Why is it correct to use these terms in the following calculation of upside/downside/expected value?
Suppose the chance of missing a meeting is 20% and there is a 25% chance the client will sign a big deal at this meeting. The deal itself is worth $1 million.
upside value = (1 - 0.2) * 0.25 * 1000000 = $200,000
if we miss the meeting there's a 95% chance the client will break relations
downside value = (1 - 0.2) * 0.95 * 0.25 * 1000000 = $47500
expected value = 200000 - 47500 = $152500
$152500 in favor of trying to make the meeting.
What would be an example that favor's skipping the meeting?
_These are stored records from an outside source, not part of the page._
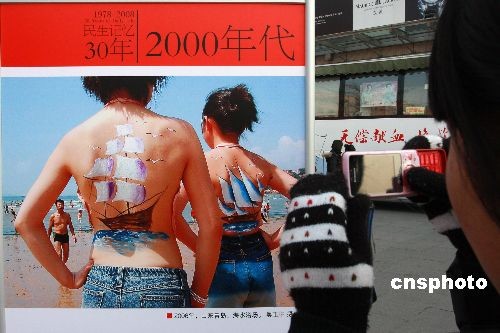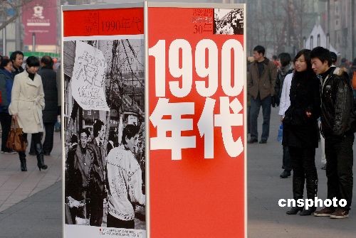 12月16日,纪念改革开放30周年全国摄影大展在北京王府井大街开幕。本次展览由“民生记忆30年”、“城镇记忆30年”、“家庭记忆30年”3部分组成,共展出摄影作品近800幅。其中“民生记忆30年”部分将中国自1978年以来的30年变革脉络,用百姓的视角、平凡的瞬间加以诠释与展现,还原质朴的生活。中新社发 郑雄增 摄
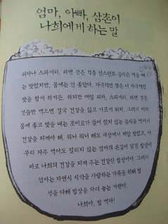 밥의 소중함을 깨닫게 되고 우리 것이 좋은 것이라는 걸 다시 한 번 깨닫게 되었답니다.
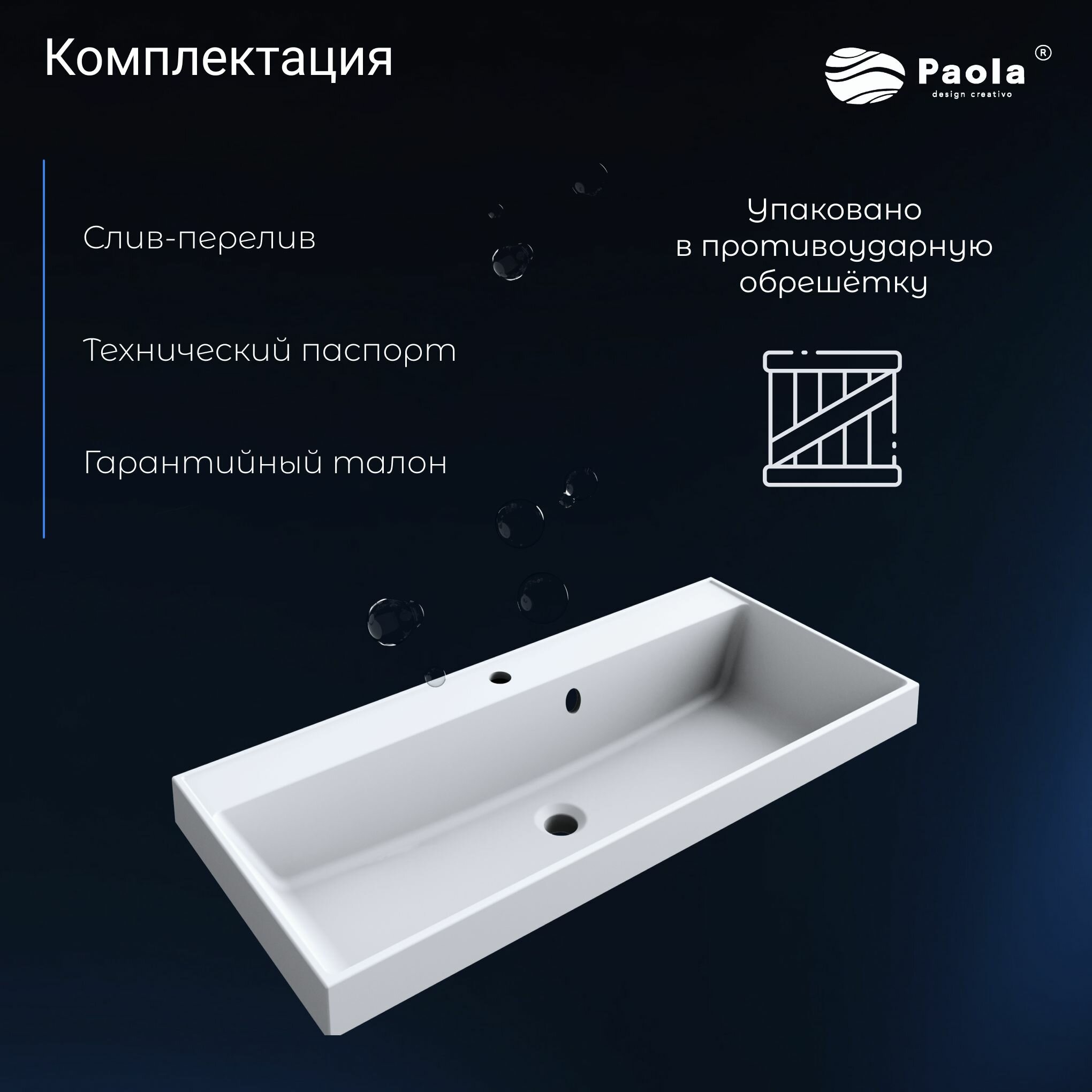 Раковина Paola Alba 1000 100 см белая глянцевая
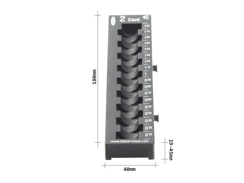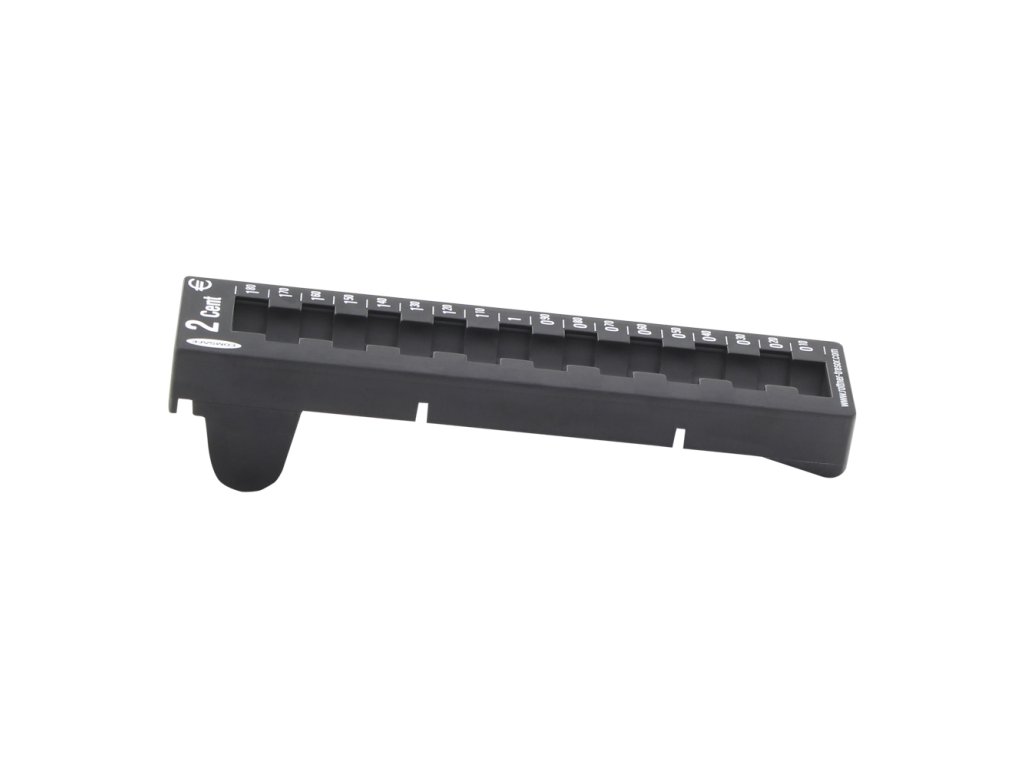 Hlavní výhody: Pro 2-centové euromince Systém skládání s dalšími přihrádkami Snadná organizace a počítání euromincí Kvalitní plast Černá přihrádka na eurové euromince disponuje praktickým úložištěm. Pro spočítání aktuálně uložené hotovosti je na boku přihrádky stupnice pro rychlejší přepočítání. V případě koupě více přihrádek je můžete skládat do větších celků. Zadní strana přihrádky je mírně vyvýšená což usnadňuje manipulaci.Doplňkové parametry
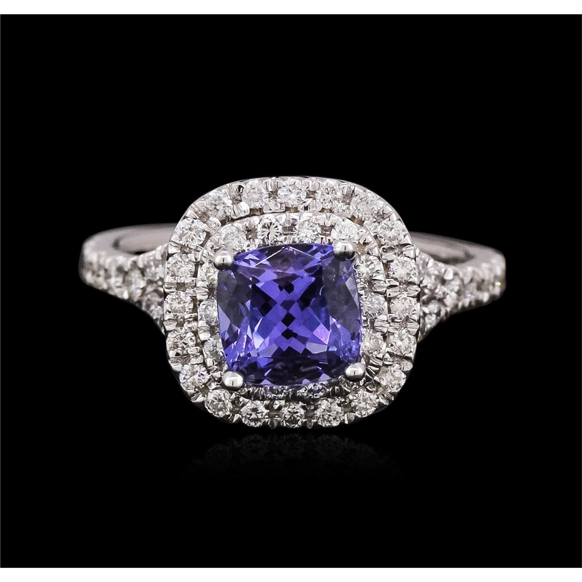 One electronically tested 14KT white gold ladies cast tanzanite and diamond ring with a bright polish finish. Identified with markings of "14KT". Condition is new. Containing: One prong set square cushion modified brilliant cut natural tanzanite, measuring 6.60 x 6.60 x 4.29mm, approximate weight of 1.47ct., clarity is eye clean, type I, medium light, very slightly grayish, violet color, (GIA V 4/3), cut is very good. Sixty prong set round brilliant cut diamonds, measuring 1.50 - 1.50 x 0.90mm (depth est.) approximate total weight of 60 Stones = 0.74ct. Clarity: SI-1 to I-1. Color: I - J, Cut is Good. Colored gemstones are presumed to have been subjected to commonly used enhancement processes. All diamonds and colored gemstones are graded in the mounting, unless otherwise stated. Total Weight of Colored Stones 1.47ct. Total Weight of Diamonds 0.74ct. Total Weight of Ring 5.30 grams. GGL Appraised at $4,010.00.
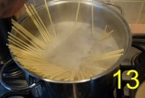 ciotola (9). Filtrate il brodo con un colino cinese (10) e rimettete a bollire sul fuoco. Aggiungete tutto il contenuto della ciotola dentro la padella (11) e cuocete a fiamma viva per 5 minuti, sfumate con il vino bianco, quindi frullate il tutto con il minipimer (12) e togliete dal fuoco. Prendete le linguine e immergetele nel brodo bollente per lessarle (12).
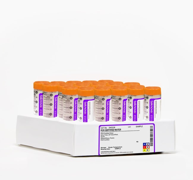 Teknova PCR Certified Water. 50mL Tubes, 25-Pack, DNase/RNase Tested, Sterile.

I am not sure what you mean by upside and downside in your expected value calculation, but the probability of the deal going through and the expected value of the event, $E$ can be calculated as follows. From the law of total probability
$$P(D) = P(D|M)P(M) + P(D|\neg M)P(\neg M)$$
where $P(D)$ is the probability of making the deal and $P(M)$ is the probability of missing the meeting. The values can be calculated from the given information, so $$ P(D) = 0.05 \times 0.2 + 0.25 \times 0.8 = 0.21.$$
Now, there are 4 possible outcomes for the event $E$. The expected value is the outcome times the probability of each outcome where the outcome is gaining 1 million or gaining 0, so \begin{align} E[E] &= 1 \times P(D \cap M) + 1 \times P(D \cap \neg M) + 0 \times P(\neg D \cap M) + 0 \times P(\neg D \cap \neg M) \\ E[E] &= P(M)P(D|M) + P(D)P(\neg M| D) \\ E[E] &= 0.2 \times 0.05 + 0.21 \times (1-0.0476) = 0.21 \end{align}
where $P(\neg M| D) = 1 - P(M|D)$ and $P(M|D)$ can be calculated from Bayes' rule. So, the expected value is 0.21 million, so \$210,000.